Well, actually, ‘butchering’ does means exactly that, in this context: ‘politely trying’ to do one’s best in a foreign language s/he doesn’t speak very well’, and I doubt if it’s ever intended in a mean or nasty way. It’s humor by exaggeration. levdrakon wasn’t trying to insult anyone; he was just saying that in the end, if a German and an American meet, on German soil, and the German knows English better than the American knows German, they’re going to end up using English. I agree with you that the OP should try to learn the language before going over there, and should get himself a Rosetta Stone course if at all possible. I also stand by my earlier statement that many if not most Germans don’t know English terribly well, but they do know it better than most Americans know German.

That some Americans expect Europeans to speak English? I can’t totally justify that either, but you have to admit we VERY rarely have any chance here to use any Continental language, other than Spanish, and I can tell you that without regular use one’s knowledge of a foreign language quickly fades. That’s less of a problem now what with webcasts of news and entertainment that now make European languages accessible to everyone, but these things take a long time to change. Before the advent of netcasts, one’s only recourse to practice a European language (except Spanish) was to read. German-American cultural presence is rapidly fading as our immigrants now mostly come from Latin America and Asia, and German immigration has been negligible for years. I joke that when my stepdaughter, now living in Berlin as a teacher, comes to visit, the number of German speakers in Los Angeles doubles to two–she and I.
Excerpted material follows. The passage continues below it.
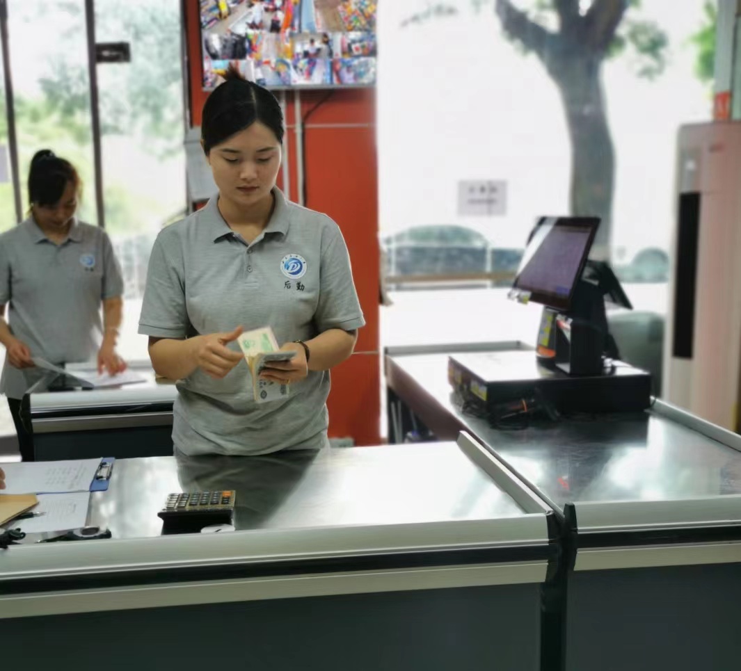 参加本次比赛的选手一共有9位,每位选手依次进行“收银服务标兵、点钞高手、专业找茬”三个比赛项目。收银服务标兵项目主要考察选手们的收银操作熟练度、服务礼仪规范、收银速度等收银必备知识和作业流程;点钞高手项目则考察选手的点钞速度、准确度;专业找茬比赛项目主要考察选手的商品陈列规范掌握程度,选手要在1分钟内找出陈列不符合规范的商品并纠正。
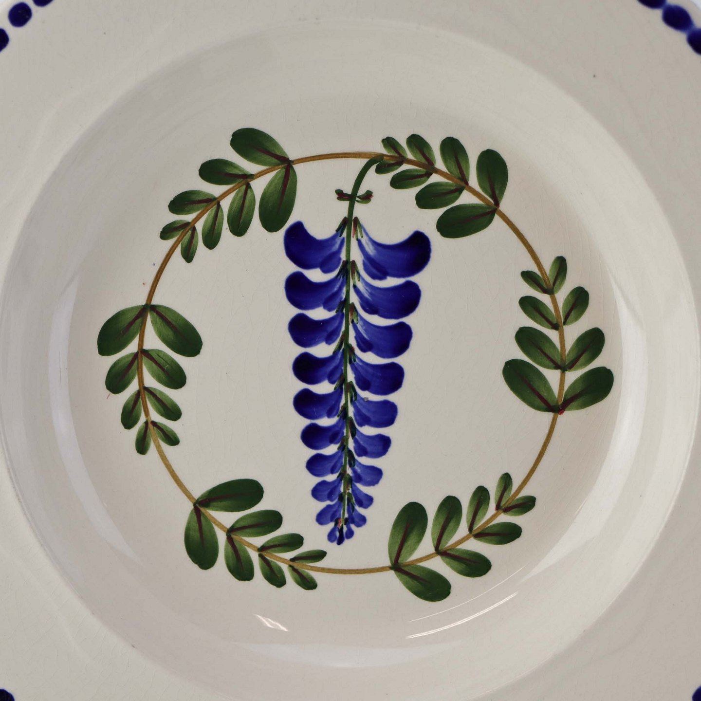Fajancestel med dekoration af ranker af blåregn og blade på lys baggrund afsluttet med kant af runde blå pletter.

You, on the other hand, have English speakers from the UK all the time, or you can go there easily enough. It’s a short easy trip either way. You do have far more opportunity to use English than Americans have to use Dutch or German. Most of us can’t afford to travel across the ocean, and then manage to stay a week or two the way our currency is right now.

We usually don’t say ‘horseshit’ either, in the figurative sense. It’s ‘bullshit’. I’m not picking on you, but pointing out that little things like that are the things that suggest the possibility of some language misunderstanding. I think levdrakon might have had a good reason for thinking you misunderstood his point–even if that assessment was incorrect–and was genuinely trying to help.

I apologize. I really wasn’t trying to win an argument using any particular sneaky technique. I don’t really consider this an argument as much as an exchange of experiences.

I don’t mean to beat this dead horseshit into the ground, but perhaps one of the reasons I found few Germans spoke English is because I learned German fairly quickly while living there (over 14 years) - and thus very few found the need to converse with me in English.
That said, I just took a mental tally.
Of about 25 Germans who contact me, or visit me here in the US, on a regular basis:
3 speak English fluently (one lived here for 8 years, the other two travel a lot).
3 speak well enough to travel through the US on their own, but not chat much.
19 speak no English whatsoever and could not order dinner without help.

I suppose if I traveled through Germany and didn’t speak any German whatsoever, I might have met a lot more who spoke English, but that wasn’t the case for me.

I guess what I am trying to say is that you find what you are looking for - if you need to find Germans who speak English, most Germans you meet will therefore speak English. If you don’t need to find Germans who speak English, chances are good those you meet won’t speak English.

I have also found that not only in Germany, but everywhere in the world - when there are two people who have two different native languages, whoever speaks the other’s language best wins - and that is the language you use to converse.

Look at any bilingual live-in relationship you know, and I bet the language they speak at home is the language spoken best by both of them, regardless of the language spoken outside of the home.

Damn you are lucky. My inlaws go to Bodensee for vacations it’s nice.